L'entrée en Bourse annoncée de Twitter marque-t-elle la fin de l'ère de l'internet social ou son commencement? La grande question désormais porte sur la croissance et l'innovation encore possibles dans ce secteur.

«L'entrée en Bourse de Twitter est un symbole que ce secteur arrive à sa fin, et que les investissements futurs se feront dans des secteurs que nous ne connaissons pas encore», estime auprès de l'AFP Trip Chowdhry, analyste chez Global Equities Research. Pour lui, ce sera la dernière mise en Bourse dans l'internet social.

Charlene Li, du cabinet Altimeter Group, voit aussi un climat de «dernière chance» autour de l'opération, que le groupe a confirmé préparer jeudi dernier.

«Dans l'écosystème des réseaux sociaux, Twitter est considéré comme incontournable (...) et c'est le seul acteur majeur qui reste à prendre. YouTube (qui permet de mettre des vidéos en ligne et a été racheté par Google), LinkedIn et Facebook (déjà en Bourse) sont tous déjà casés», explique-t-elle sur son blogue.

Mais d'autres experts des réseaux sociaux disent que Twitter et les autres n'ont fait jusqu'ici que gratter la surface comparé au potentiel du secteur.

«Nous sommes loin de la fin de l'innovation», assure Daniel Odio, un dirigeant de la société internet californienne Share This, qui a participé à plusieurs start-ups dans le secteur technologique.

«Nous sommes encore au Moyen-Âge du social, il y a tant d'opportunités», estime-t-il. «Toute notre existence est basée sur le partage (d'informations), mais numériquement nous n'avons pas encore déchiffré le code. Facebook l'a fait en partie, et Twitter a créé la possibilité de trouver des gens qui ne sont pas nos amis mais qui partagent un intérêt commun».

Dans un rapport publié en 2012, le cabinet de conseil McKinsey jugeait lui aussi que les réseaux sociaux pouvaient augmenter leur productivité et permettre de «dégager de la valeur» à hauteur de 900 à 1300 milliards de dollars dans des segments clés de l'économie mondiale, en améliorant la communication, le partage de connaissances et la collaboration à l'intérieur et à l'extérieur des entreprises.

«Alors que 72% des entreprises utilisent les technologies sociales d'une manière ou d'une autre, très peu en retirent la totalité des bénéfices potentiels.

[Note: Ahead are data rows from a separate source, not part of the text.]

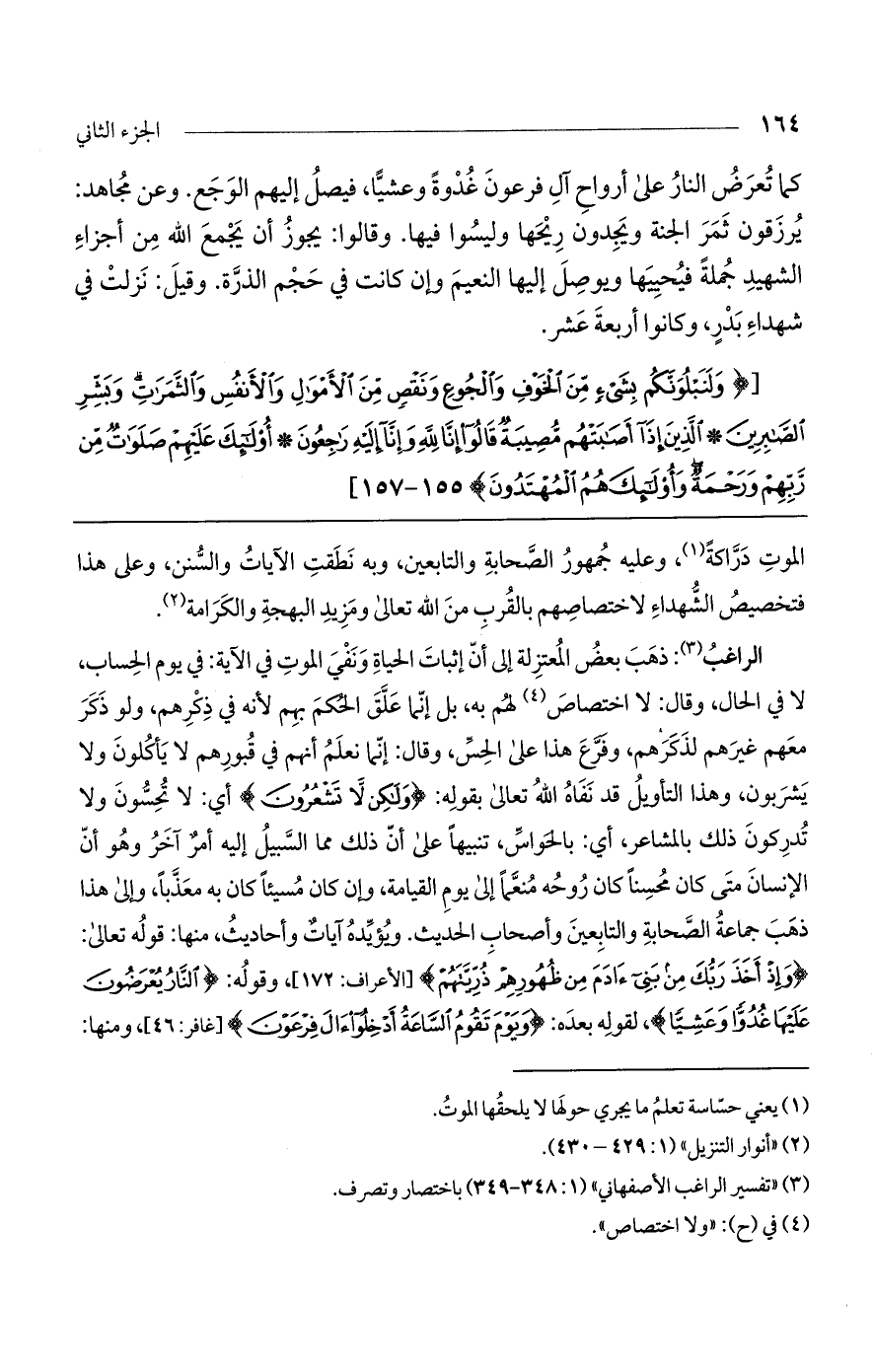 الراغب: ذهب بعض المعتزلة إلى أن إثبات الحياة ونفي الموت في الآية: في يوم الحساب، لا في الحال، وقال: لا اختصاص لهم به، بل إنما علق الحكم بهم لأنه في ذكرهم، ولو ذكر معهم غيرهم لذكرهم، وفرع هذا على الحس، وقال: إنما نعلم أنهم في قبورهم لا يأكلون ولا يشربون، وهذا التأويل قد نفاه الله تعالى بقوله: (وَلَكِنْ لا تَشْعُرُونَ) أي: لا تحسون ولا تدركون ذلك بالمشاعر، أي: بالحواس، تنبيهاً على أن ذلك مما السبيل إليه أمر آخر وهو أن الإنسان متى كان محسناً كان روحه منعماً إلى يوم القيامة، وإن كان مسيئاً كان به معذباً، وإلى هذا ذهب جماعة الصحابة والتابعين وأصحاب الحديث. ويؤيده آيات وأحاديث، منها: قوله تعالى: (وَإِذْ أَخَذَ رَبُّكَ مِنْ بَنِي آدَمَ مِنْ ظُهُورِهِمْ ذُرِّيَّتَهُمْ) [الأعراف: 172]، وقوله: (النَّارُ يُعْرَضُونَ عَلَيْهَا غُدُوّاً وَعَشِيّاً)، لقوله بعده: (وَيَوْمَ تَقُومُ السَّاعَةُ أَدْخِلُوا آلَ فِرْعَوْنَ) [غافر: 46]، ومنها:
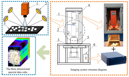 Hyperspectral imaging combines advanced knowledge from multiple disciplines to achieve a perfect fusion of traditional two-dimensional imaging techniques and spectroscopy. Guo and Ma described the linear relationship between spectra and data by the partial least squares (PLS) method, which could realize the analysis of adulterated rice and the prediction of pork meat fatty acids [5,6]. Zhang, Jiang, et al. employed the support vector machine (SVM) in combination with shortwave infrared hyperspectral techniques for cotton foreign matter classification, which significantly improved the detection rate of plastic films in cotton compared to conventional methods [7,8,9].
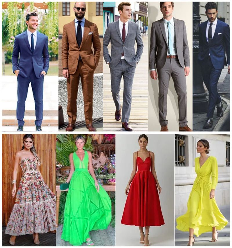 Mulheres: Vestido longo ou midi, conforme preferência. Pode ser liso ou com um pouco de brilho (tecidos fluidos ou estruturados). Como a cerimônia será em um ambiente gramado, sugerimos evitar sapatos ou sandálias com salto fino.
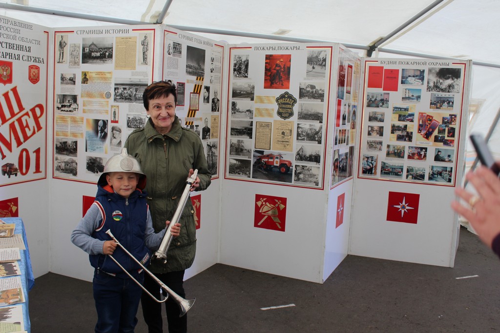 В специальной палатке работала передвижная выставка «История спасательной службы». Любителям истории рассказали о том, как и когда образовалась первая пожарная дружина, что использовали для тушения пожарные того времени. Работники Центра противопожарной пропаганды и общественных связей не оставили без внимания ни одного посетителя выставки. Люди надолго задерживались около представленных стендов, с большим интересом всматриваясь в мгновения прошлого. Детей и взрослых в равной мере заинтересовал макет пожарного депо, всем было интересно, как же выглядело здание пожарной охраны ещё в царские времена, а так же старинная каска пожарного, почти каждый примерил её.
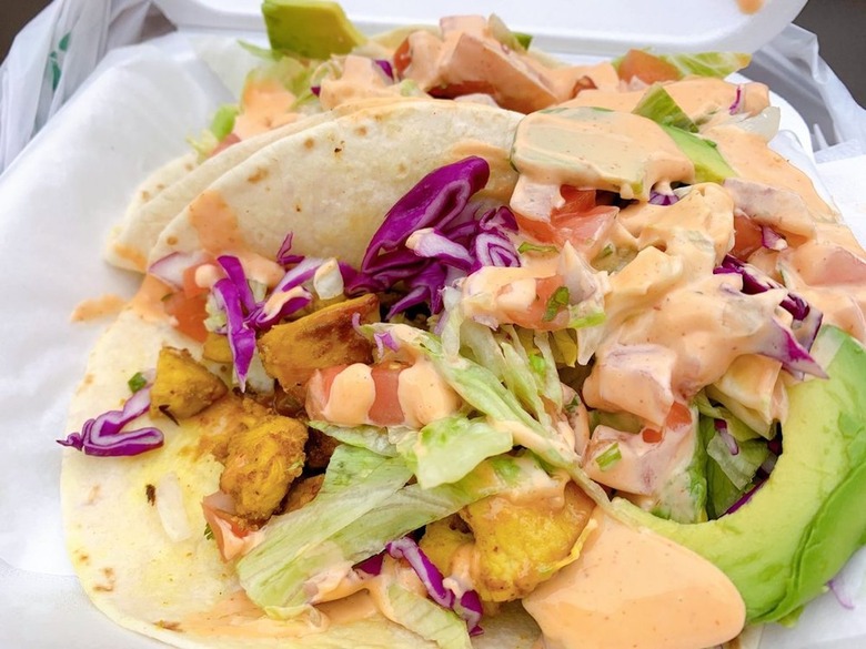 There aren't a lot of all-vegan trucks on this list, but here's one that's a must-visit, even for meat-eaters. Homegrown Smoker serves a variety of protein options — like tempeh ribs, smoked soy curls, and smoked tofu — in a variety of ways. Order a plate (with sides like hushpuppies, mac no-cheese, and chipotle slaw), throw it on a sandwich or burger with homemade barbecue sauce or mustard, or roll it all up in a burrito. Who needs meat when you have delicious food like this?
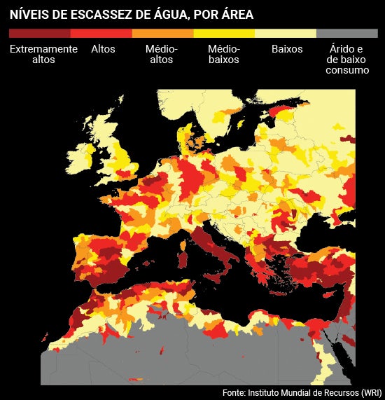 Entre os 27 países que enfrentam um risco elevado de escassez de água encontram-se Portugal, Espanha, o Chile, a Bélgica e o Chipre. Aqui, mais de 40 por cento dos recursos hídricos disponíveis são captados a cada ano.
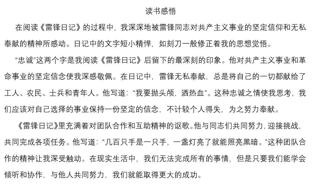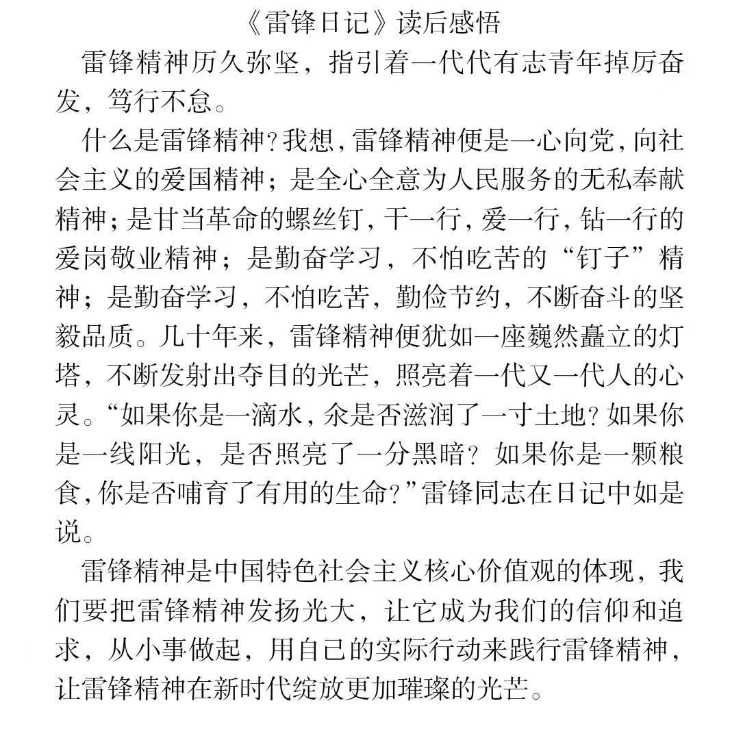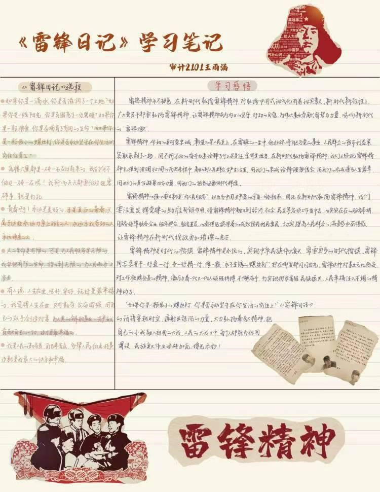 春风拂面,雷锋精神暖人心。六十年来,雷锋精神代代赓续传承,持续滋养着千千万万个我们,历久弥坚。为强化同学们对雷锋精神的认识,倡导无私奉献、乐于助人的社会风尚,会计学院特举办“心声共勉 向‘锋’而行”感悟撰写活动。在此次感悟撰写活动中,同学们积极参与,认真阅读《雷锋日记》、雷锋传记或观看相关纪录片,更直观、深入地感悟到雷锋同志乐于助人、甘愿为人民服务的伟大精神,用细腻的文字,精美的照片表达了对雷锋精神的赞美和敬佩,创作出许多内容充实,感情真挚的作品。经过认真评选,许多同学的作品被遴选为优秀作品。其中部分优秀作品如下:

En fait, les applications sociales les plus puissantes dans l'économie mondiale sont largement inexploitées», estimait le rapport.

De l'outil de bouche à oreille au vrai média

Twitter revendique plus de 200 millions d'utilisateurs actifs, mais certains analystes estiment le nombre plus proche de 500 millions et en forte croissance, le site devenant une plateforme clé pour les célébrités, les hommes politiques ou les journalistes.

La publicité, à laquelle Twitter s'est ouvert en 2010 en autorisant les annonceurs à publier des tweets «sponsorisés» dans le fil d'actualité de ses utilisateurs, devrait par ailleurs lui rapporter 582,8 millions de dollars cette année et près d'un milliard en 2014, selon des estimations de la société de recherche eMarketer.

Avec le succès, Twitter «a perdu un peu de sa saveur de base», reconnaît Olivier Toubia, un professeur d'économie de l'université de Columbia également co-auteur d'une étude sur le site parue dans le journal «Marketing Science».

Depuis son lancement en 2006, le réseau a évolué pour devenir un média plus grand public, similaire en certains points à la télévision, juge-t-il. «Il a moins de valeur comme outil de bouche à oreille et de marketing viral, mais davantage comme média», indique-t-il à l'AFP. «C'est devenu un moyen pour les entreprises de toucher des consommateurs, de diffuser du contenu avec de faibles barrières à l'entrée».

Le professeur voit encore d'importantes opportunités pour les médias sociaux.

«Facebook et Twitter ont montré qu'il était possible de mettre en contact des gens dans le monde entier», mais «les consommateurs ne peuvent pas interagir avec des millions de personnes en même temps», souligne-t-il.

Pour lui, «il y a beaucoup d'opportunités pour de plus petites niches de médias sociaux qui répondront à des besoins différents et relieront les gens sur une plus petite échelle, de manière plus sérieuse».